The invention discloses a kind of preparation methods of the nonylphenol polyoxyethylene ether by propylene oxide sealing end, it includes the following steps:1)Using nonyl phenol as initiator, under the action of basic catalyst and ethylene oxide carries out addition reaction, and nonylphenol polyoxyethylene ether is made;2)By step 1)Obtained nonylphenol polyoxyethylene ether cooling, adds in propene carbonate and is reacted, neutralized after reaction with acetic acid, and nonylphenol polyoxyethylene ether propylene oxide sealing end is made.The present invention uses traditional basic catalyst, and raw material is simple and easy to get, at low cost, simple production process, and production efficiency is high, and the foam blocked by nonylphenol polyoxyethylene ether propylene oxide prepared by this method is low, ending ratio is high.

Description

A kind of preparation method of nonylphenol polyoxyethylene ether by propylene oxide sealing end
Technical field
The invention belongs to nonionic surfactant synthesis technical fields, and in particular to a kind of nonyl blocked by propylene oxide The preparation method of base phenol polyethenoxy ether.
Background technology
Nonylphenol polyoxyethylene ether is a kind of highly important nonionic surfactant, has excellent decontamination, wetting With emulsification etc. performances, gather in industry cleaning link, textile printing and dyeing, papermaking, leather chemical industry, preparation medium, oilfield additive, pesticide, lotion The industrial circles such as conjunction have a wide range of applications.

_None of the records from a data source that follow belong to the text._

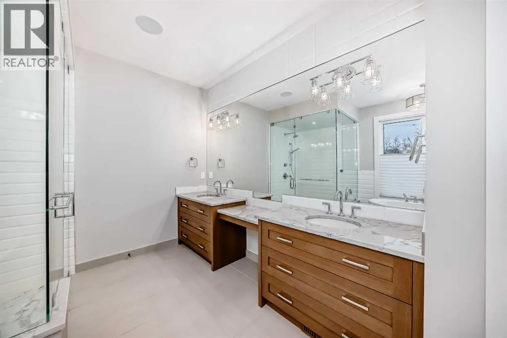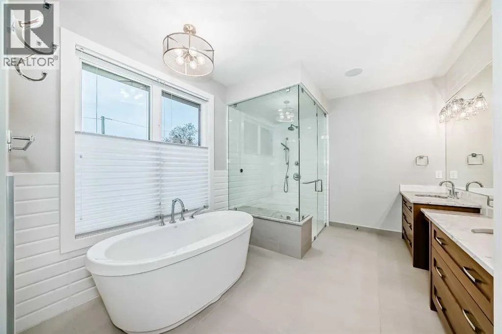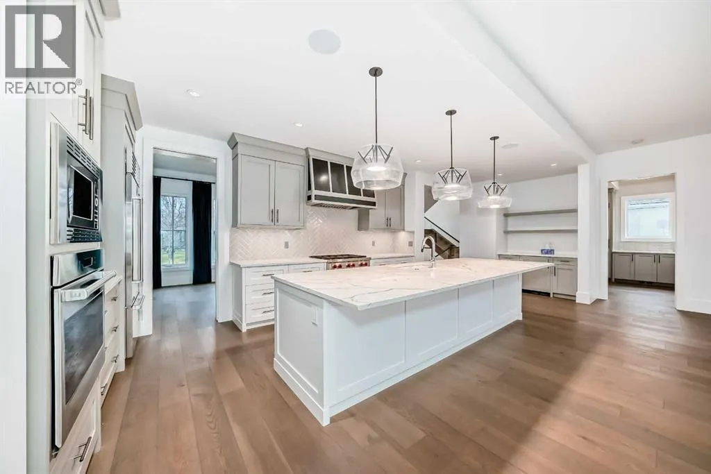 Welcome to this exquisite custom Maillot home, nestled in coveted upper Elbow Park, just steps from the expansive River Park pathway and William Reid French Immersion School. With over 5,000 sq.ft. of beautifully designed living space, this 6-bedroom, 6-bathroom home offers the perfect balance of modern elegance and family functionality.Upon entry, youâll be greeted by an open, airy floor plan featuring 10â ceilings, elegant light fixtures, and polished chrome details. The chef-inspired kitchen, equipped with top-of-the-line Wolf and Sub-Zero appliances, is the heart of the home. The spacious great room, with its cozy gas fireplace, and adjoining dining area make this space ideal for both relaxed family living and sophisticated entertaining.A large mudroom and walk-through pantry lead directly to the kitchen, making meal prep a breeze. The main level also includes a convenient den, perfect for a home office or dining room.Upstairs, the second level boasts 4 generously sized bedrooms, each with ample closet space, along with a cozy sitting area and a full laundry room. The opulent master suite features a luxurious 5-piece ensuite, complete with a steam shower and in floor heating for ultimate relaxation.The lower level is designed for fun and relaxation, with radiant in-floor heating, a large family room, full bar, private powder room, and 2 additional bedrooms that share a Jack & Jill bath.Outside, the west-facing backyard is fully landscaped and features a covered deck with a motorized awning, offering the perfect space to unwind. The oversized triple garage is heated, with an EV charger and ample storage space.Additional highlights of this home include double air conditioning units, 8â white oak engineered hardwood flooring, a Hans Grohe/Grohe/Brizo plumbing package, and triple-glazed windows throughout.With its prime location, elegant finishes, and family-friendly design, this home is truly a must-see. (id:27476)
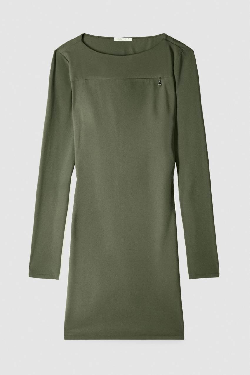 Abito mini bodycon realizzato in jersey tecnico elasticizzato per una vestibilità avvolgente.
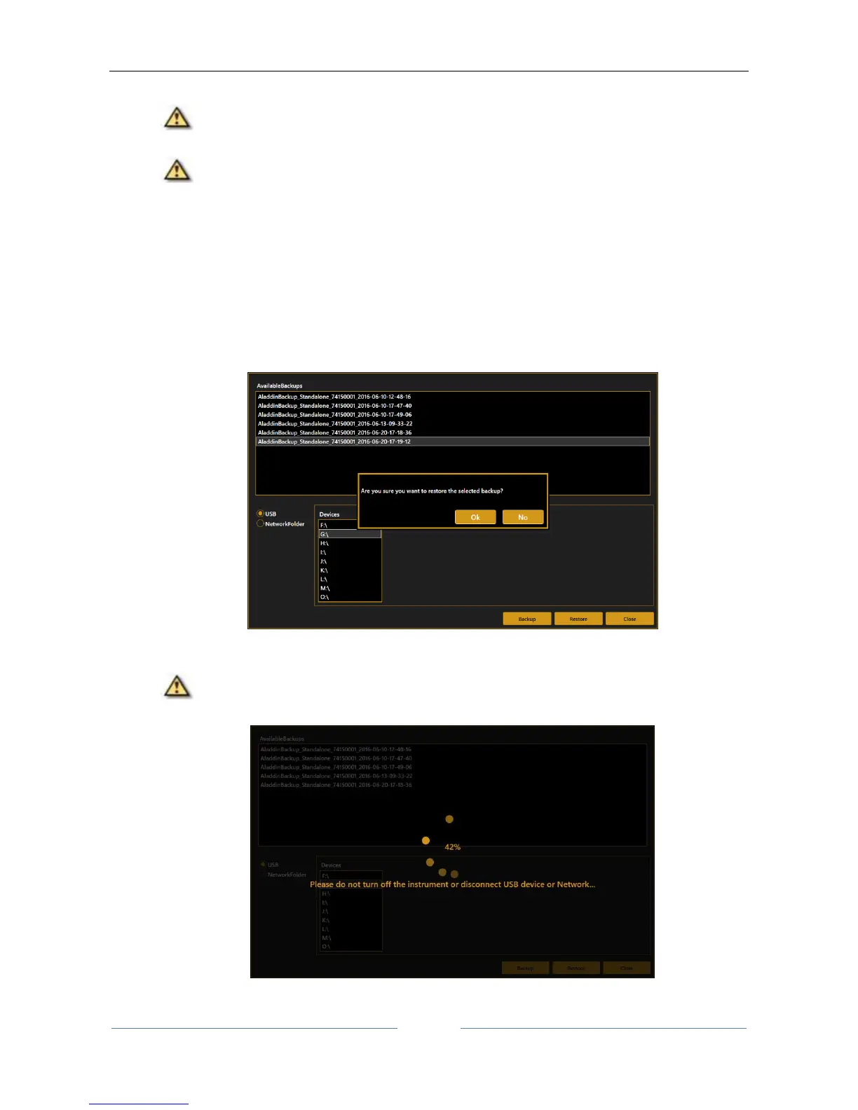 1. Select the source of the backup image to restore (USB or Network Folder). Navigate the list of

Meanwhile nonylphenol polyoxyethylene ether is the high nonionic surfactant of a class A foam A, in industry cleaning link and weaving The industrial circles such as printing and dyeing can generate a large amount of foam, make troubles to execute-in-place.The polyoxyethylene nonyl phenyl blocked by propylene oxide Vinethene reduces sealing end product due to introducing the propylene oxide with branch in nonylphenol polyoxyethylene ether molecular end Foam uses requiring low foaming industrial circle that can substitute nonylphenol polyoxyethylene ether, solves high foam to production operation The inconvenience brought.
Invention content
For the above-mentioned problems in the prior art, the purpose of the present invention is to provide a kind of low foam, ending ratio are high By propylene oxide sealing end nonylphenol polyoxyethylene ether preparation method.
A kind of preparation method of described nonylphenol polyoxyethylene ether by propylene oxide sealing end, it is characterised in that including with Lower step:
1)Using nonyl phenol as initiator, under the action of basic catalyst and ethylene oxide carries out addition reaction, and nonyl is made Base phenol polyethenoxy ether;
2)By step 1)Obtained nonylphenol polyoxyethylene ether cooling, adds in propene carbonate and is reacted, reaction terminates It is neutralized afterwards with acetic acid, the nonylphenol polyoxyethylene ether blocked by propylene oxide is made,
Its synthetic route is as follows:
, Wherein, m=1~15.
The preparation method of a kind of nonylphenol polyoxyethylene ether by propylene oxide sealing end, it is characterised in that alkalinity is urged Agent is any one or more than one mixtures in potassium hydroxide, sodium hydroxide, sodium methoxide.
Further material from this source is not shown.